Of the lines in the material below, print only those from the one containing "I love Godr, obsessed" to the one containing "다운로드 된 mysql-installer-community-8.0.27.0.msi", ends included, exactly as written and without pictures.

Given data Block Start

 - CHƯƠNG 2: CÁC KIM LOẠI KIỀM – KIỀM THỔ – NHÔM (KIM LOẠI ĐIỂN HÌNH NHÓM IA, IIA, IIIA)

Given data Block End
Given data Block Start

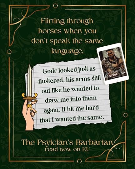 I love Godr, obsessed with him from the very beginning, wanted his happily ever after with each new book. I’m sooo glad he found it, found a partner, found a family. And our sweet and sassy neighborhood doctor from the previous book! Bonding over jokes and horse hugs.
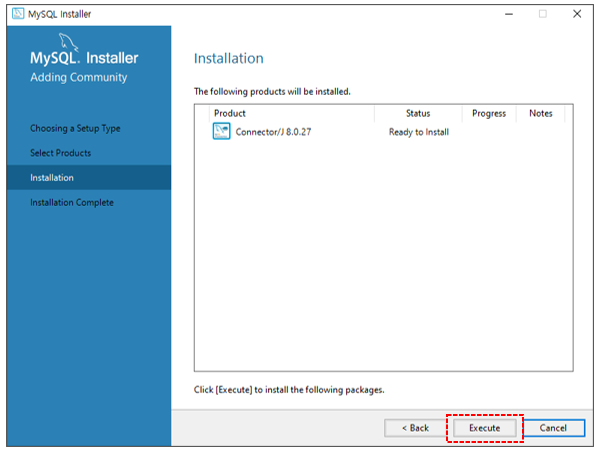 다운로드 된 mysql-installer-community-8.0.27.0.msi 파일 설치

Given data Block End

» **Answer area**:
 I love Godr, obsessed with him from the very beginning, wanted his happily ever after with each new book. I’m sooo glad he found it, found a partner, found a family. And our sweet and sassy neighborhood doctor from the previous book! Bonding over jokes and horse hugs.
 다운로드 된 mysql-installer-community-8.0.27.0.msi 파일 설치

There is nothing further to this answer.